Климов принял это за приглашение и тоже сел.

– Как «зачем»? Хочу знать, с кем я танго танцевал. Этот танцор знает и меня, и тебя. Для меня этот метанол – сделка всей жизни. Я пробил на Запад нашу технологию!

– Боишься, теперь тебе Нобеля не дадут? – усмехнулась Лина.

– Да при чем тут Нобель?! Если и дадут, то не мне, а ребятам из Троицка. Да и то вряд ли. Не того масштаба открытие. Но эта афера затеяна против меня, и я должен знать…

– Успокойся, – остановила его Лина. – Афера затеяна против меня. А ты просто послужил кошачьей лапой.

– Кошачьей лапой? – не понял Климов.

– Ну да. Басня такая есть у Лафонтена. Мартышка «на слабо?» подбила кота таскать каштаны из огня. Он таскал, обжигался, а она ела. Кота еще и слуга побил за воровство, а мартышка осталась ни при чем. И сыта, и не бита, и не обожглась. Мораль: уж если воровать, так для себя.

– Ладно, с моралью все ясно, – нахмурился Климов. – Ты лучше скажи, кто у нас мартышка? И что ей от тебя нужно?

– А вот уж это – точно не твое дело, – отрезала Лина.

– Нет, мое. Не люблю, когда меня держат за болвана.

– Вот и разберись. Наверняка ты его знаешь. Он-то тебя знает как облупленного.

– Влад? – догадался Климов. – Влад Саранцев?

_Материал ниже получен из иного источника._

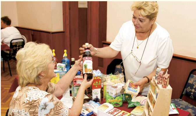
Az „Egészségnap” keretében sokan vettek részt az ingyenes szűrővizsgálatokon és tanácsadáson
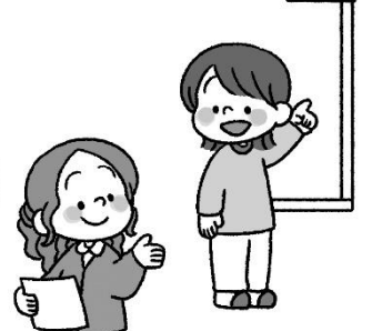
もの つか つか 物 つか を使う ときは ときは先生 せんせい に こえ 声を かける かける
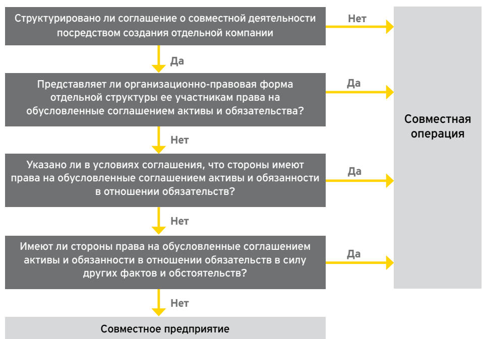
Диаграмма 4 - Классификация соглашения о совместной деятельности

Тем не менее, организационно-правовая форма соглашения о совместной деятельности по-прежнему очень важна. Как показано на Диаграмме 4, соглашение о совместной деятельности, которое не структурировано посредством создания отдельной компании (такой как партнерство, корпорация или иная финансовая структура) классифицируется в качестве совместной операции. Однако при наличии отдельной компании соглашение о совместной деятельности не обязательно классифицируется в качестве совместного предприятия. Классификация зависит от условий самого соглашения о совместной деятельности, а также от прочих фактов и обстоятельств.
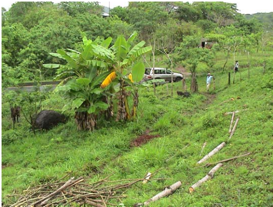
CH-49(C-33) El Socorro
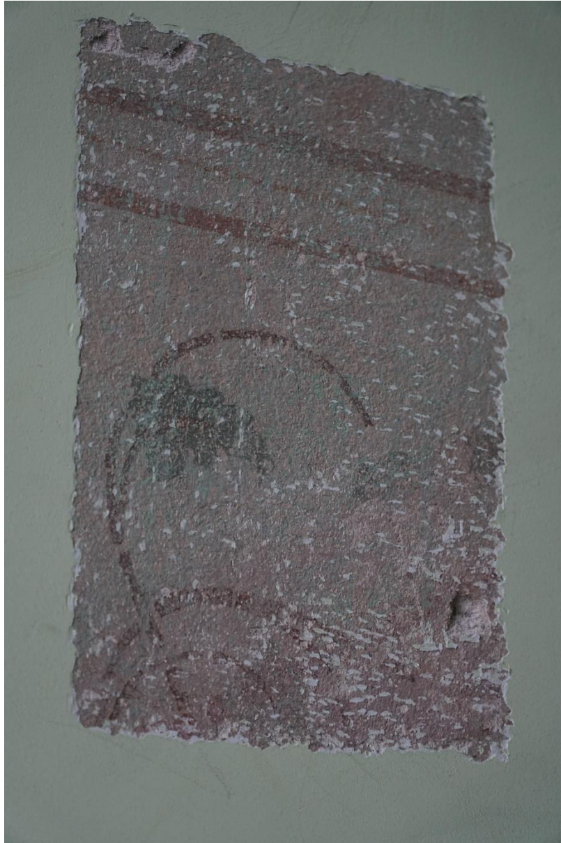
Fot.nr.7 Kraków ul.Pędzichów 21, Klatka schodowa- fragment dekoracji ścian , stan przed konserwacją. Wrzesień 2020r.
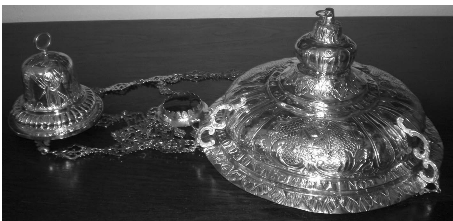
Figura 4: Lámpara de S. José. Iglesia parroquial de Ntra. Sra. de Consolación. Umbrete (Sevilla).
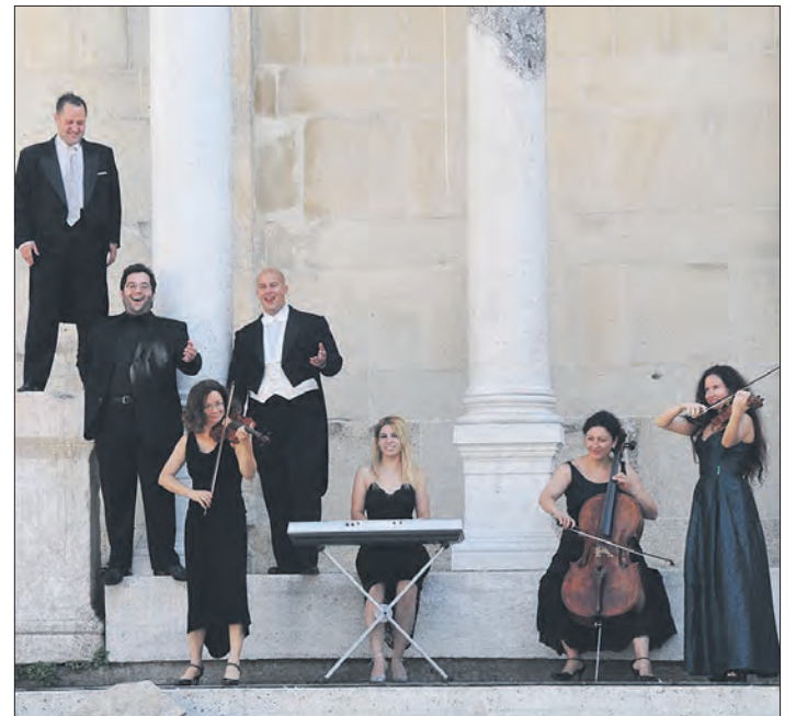
Bei der „Himmlichen Nacht der Tenöre“ in der Eine-Welt-Kirche werden die Opersänger von einem Streichensemble begleitet.

SCHNEVERDINGEN. „Die Himmliche Nacht der Tenöre“ verspricht für den 28. Dezember ab 19.30 Uhr ein ganz besonderes Konzert in der Eine-Welt-Kirche in Schneverdingen: Drei Opersänger, die live von einem Streichensemble begleitet werden, präsentieren Klassik-Highlights der besonderen Art. Mit dieser Tournee feiert das Ensemble zugleich sein 15jähriges Bestehen.
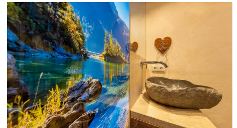
Badzimmer Ferienwohnung Bergfex
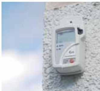
testo 175-T2 – Merenje spoljašnje temperature.

Logerom temperature testo 175-T2 može se pratiti spoljašnja temperatura. U poređenju sa merenom sobnom temperaturom, mogu se identifikovati gubici energije izazvani nepravilnom ventilacijom ili lošom izolacijom na objektu.
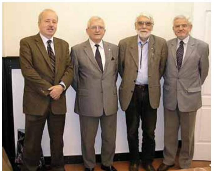
Katowice - 04-05.06.2009 r.
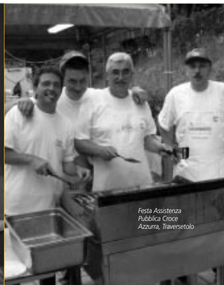
Festa Assistenza Pubblica Croce Azzurra, Traversetolo
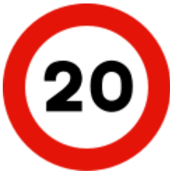
Límite de Velocidad Máxima R15

– Откуда ты его знаешь? – спросила Лина.

– Влад Саранцев, – с горечью признался Климов, – это моя крыша. Ну… не он сам, конечно, он – так… зиц-председатель Фунт. Но сидеть не будет. За ним силы стоят. Но я-то понятно, я фирмач. Дань плачу. А ты? У тебя-то что общего с Владом Саранцевым?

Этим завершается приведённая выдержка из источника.